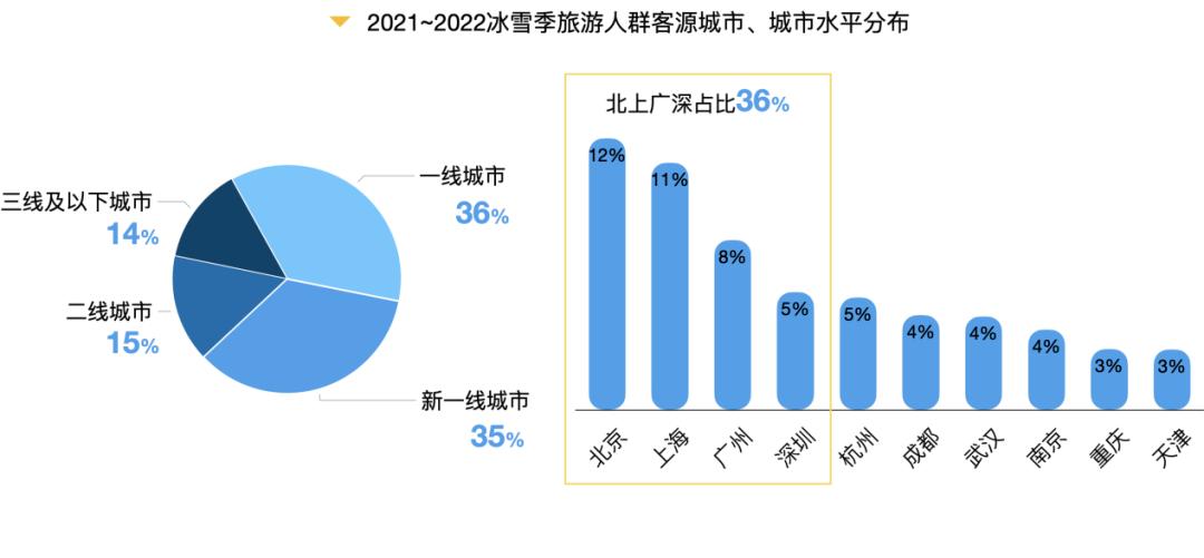 图表来源于中国旅游研究院和马蜂窝旅游联合发布《中国冰雪旅游消费大数据报告(2022)》:从冰雪旅游客源分布上来说,北京旅游人数占比最大
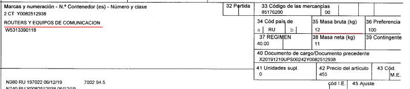 В сопроводительных документах вообще какой-то дурдом. Во-первых, общий вес посылки - 22 кило (это во второй бумаге со счетом указано)! Ничего себе! Во-вторых, в описании написано, что это роутер и средства коммуникации. Стоимостью €453.
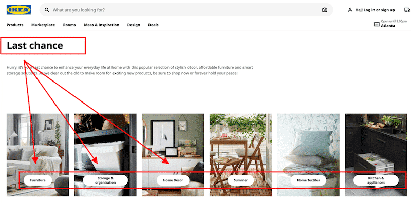 - Category listing pages (CLP) – A global category that lists other categories and targets very broad topics (e.g., Last Chance > Furniture, Home Decor, Home Textiles)
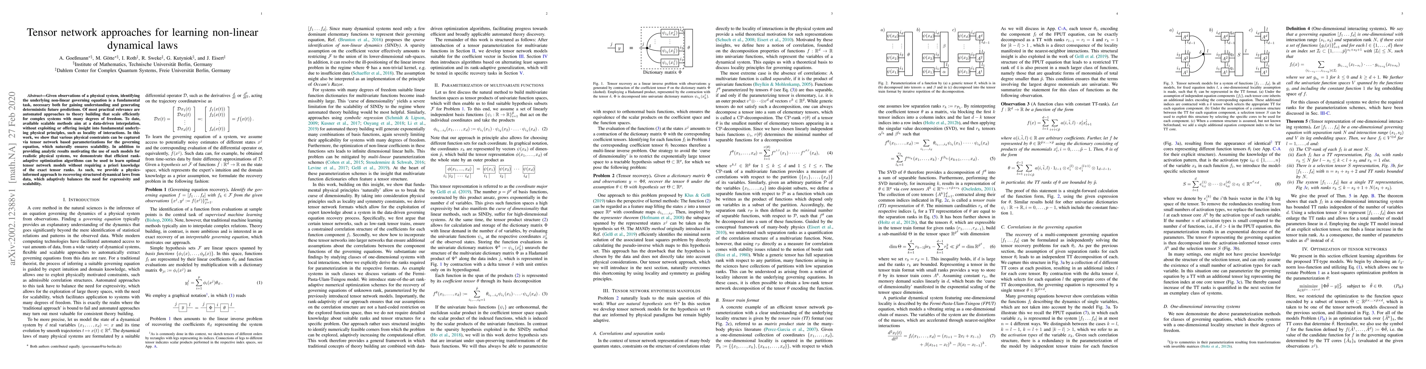 This research introduces tensor network methods to learn non-linear dynamical laws from physical system observations, incorporating physical constraints and ensuring scalability. It demonstrates that efficient optimization algorithms can adaptively determine optimal tensor network models, balancing expressivity and computational efficiency without prior tensor rank knowledge.
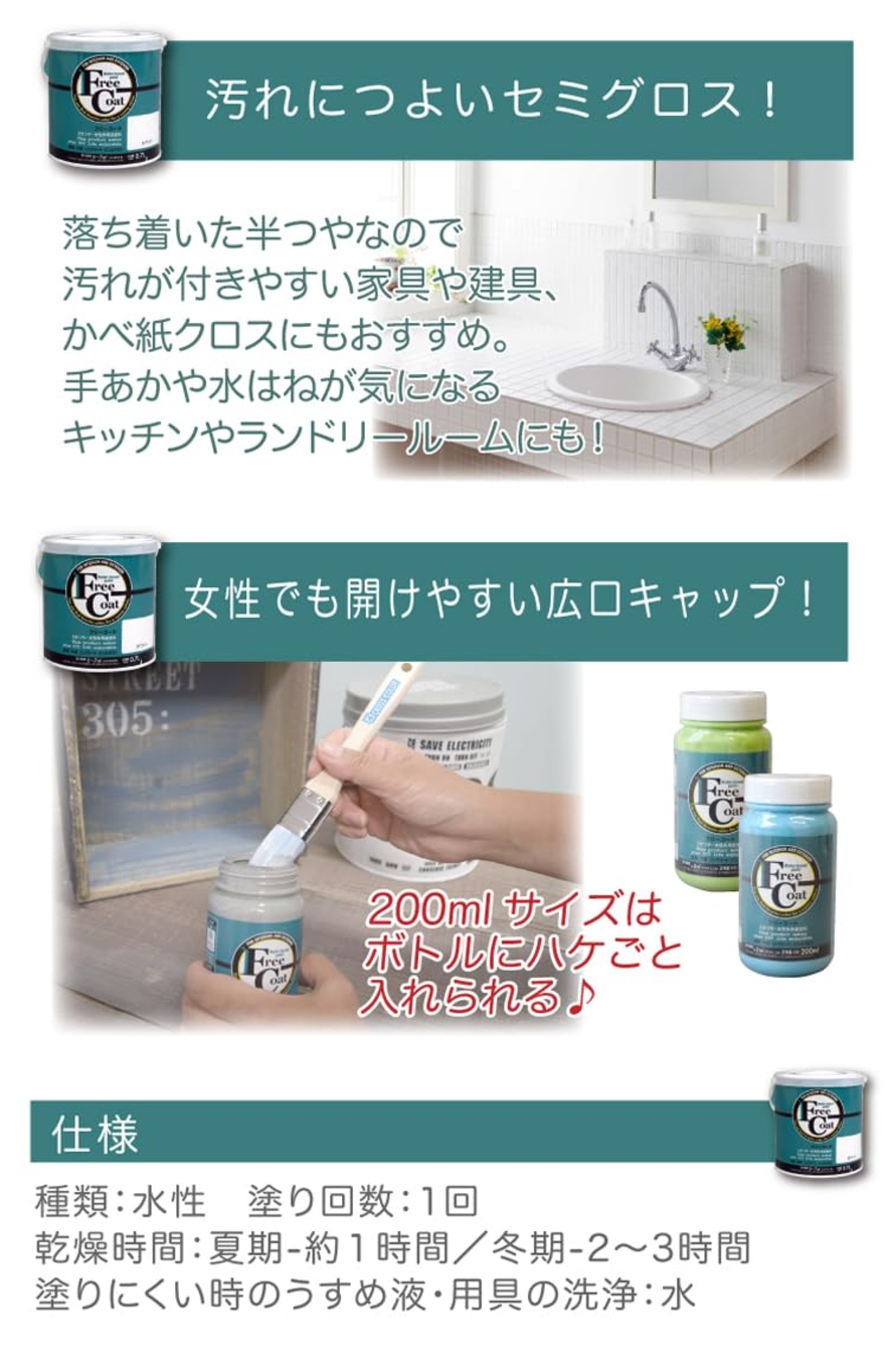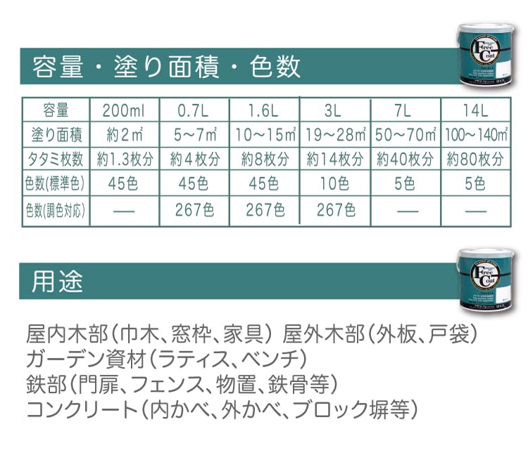 お気に入りのカラーがきっと見つかる全312色!落ち着いた質感の3分ツヤ。 ちょっとした小物のペイントに便利なかわいい200mlボトルから、 住まいのリノベーションにもおすすめの大容量サイズまでバリエーションいろいろ。 建築基準法対応製品F
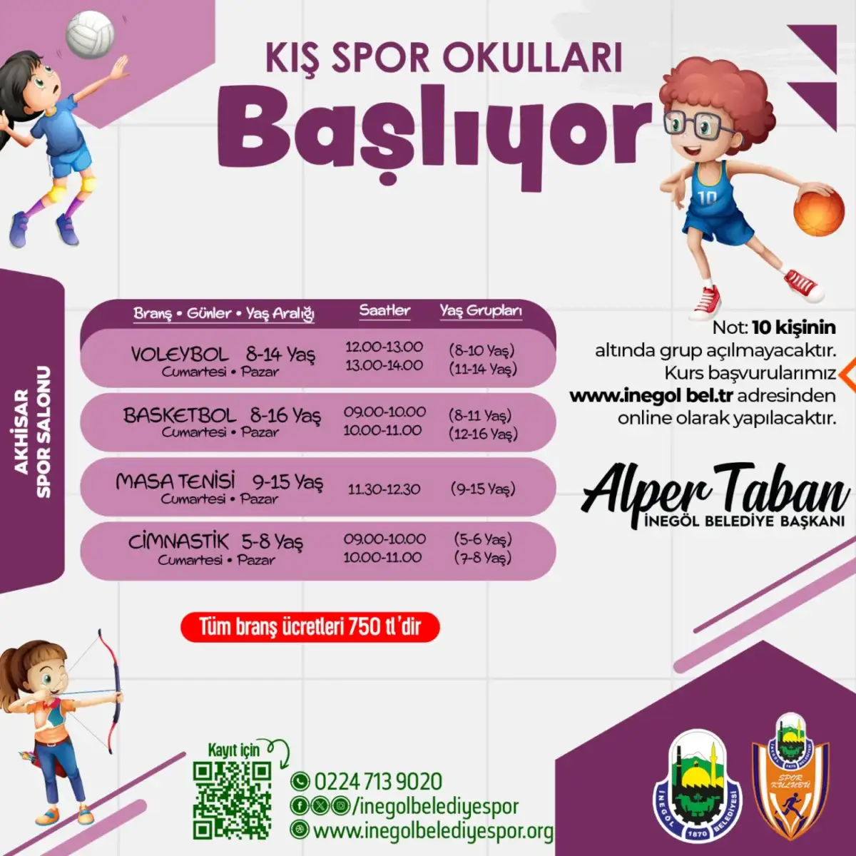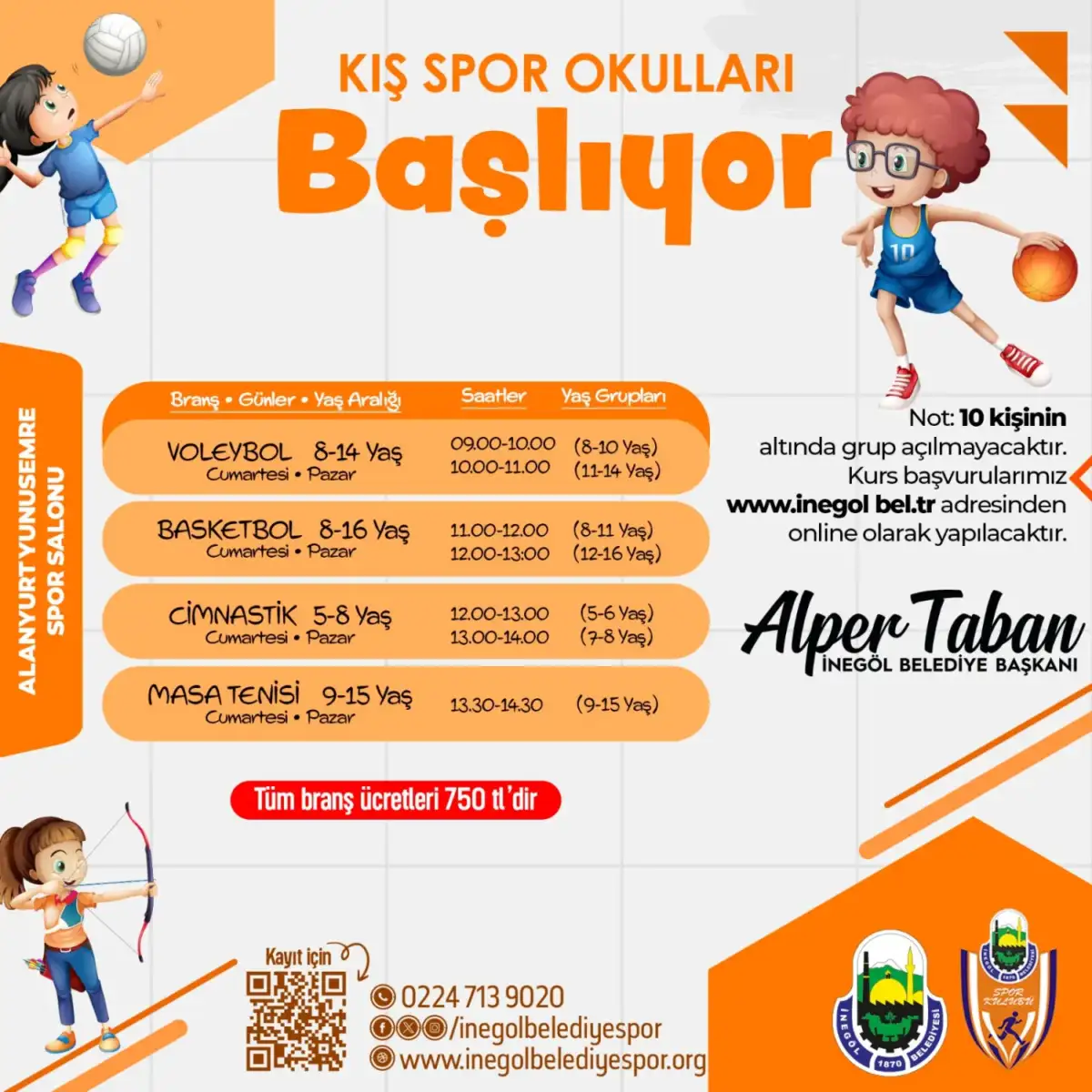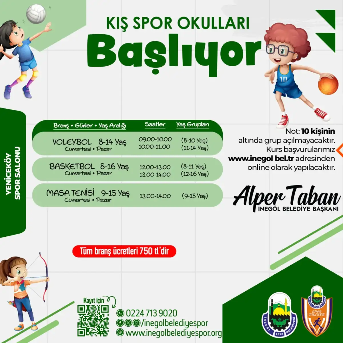 Konuya ilişkin açıklama yapan Belediye Başkanı Alper Taban, İnegöl Belediyesi Kış Spor Okullarının kayıtlarının devam ettiğini duyurdu. 13 Eylül tarihinde eğitimlerin başlayacağını hatırlatan Başkan Taban, “İnegöl Belediyesi Kış Spor Okullarımız bu yıl 6 ayrı branşta gerçekleştirilecek. Voleybol, basketbol, jimnastik, okçuluk, masa tenisi ve spor tırmanış branşlarında yapılacak eğitimler, Cumartesi ve Pazar günleri gerçekleştirilecek. Aynı zamanda Yunus Emre Spor Kompleksinde, Yeniceköy Spor Salonunda ve yapımını yeni tamamladığımız Akhisar Spor Salonumuzda kış spor okulu eğitimlerimiz olacak. Kış spor okullarımızda çocuklarımız için 5 yaştan 15 yaşa kadar eğitim imkanı sunuluyor” dedi.

☆ ☆ ☆ ☆

▶ ABOUT THIS EXERCISE
Every entry above is to be transcribed exactly, with all pictures left out.

▶ ANSWER TO THIS EXERCISE
 图表来源于中国旅游研究院和马蜂窝旅游联合发布《中国冰雪旅游消费大数据报告(2022)》:从冰雪旅游客源分布上来说,北京旅游人数占比最大
 В сопроводительных документах вообще какой-то дурдом. Во-первых, общий вес посылки - 22 кило (это во второй бумаге со счетом указано)! Ничего себе! Во-вторых, в описании написано, что это роутер и средства коммуникации. Стоимостью €453.
 - Category listing pages (CLP) – A global category that lists other categories and targets very broad topics (e.g., Last Chance > Furniture, Home Decor, Home Textiles)
 This research introduces tensor network methods to learn non-linear dynamical laws from physical system observations, incorporating physical constraints and ensuring scalability. It demonstrates that efficient optimization algorithms can adaptively determine optimal tensor network models, balancing expressivity and computational efficiency without prior tensor rank knowledge.
 お気に入りのカラーがきっと見つかる全312色!落ち着いた質感の3分ツヤ。 ちょっとした小物のペイントに便利なかわいい200mlボトルから、 住まいのリノベーションにもおすすめの大容量サイズまでバリエーションいろいろ。 建築基準法対応製品F
 Konuya ilişkin açıklama yapan Belediye Başkanı Alper Taban, İnegöl Belediyesi Kış Spor Okullarının kayıtlarının devam ettiğini duyurdu. 13 Eylül tarihinde eğitimlerin başlayacağını hatırlatan Başkan Taban, “İnegöl Belediyesi Kış Spor Okullarımız bu yıl 6 ayrı branşta gerçekleştirilecek. Voleybol, basketbol, jimnastik, okçuluk, masa tenisi ve spor tırmanış branşlarında yapılacak eğitimler, Cumartesi ve Pazar günleri gerçekleştirilecek. Aynı zamanda Yunus Emre Spor Kompleksinde, Yeniceköy Spor Salonunda ve yapımını yeni tamamladığımız Akhisar Spor Salonumuzda kış spor okulu eğitimlerimiz olacak. Kış spor okullarımızda çocuklarımız için 5 yaştan 15 yaşa kadar eğitim imkanı sunuluyor” dedi.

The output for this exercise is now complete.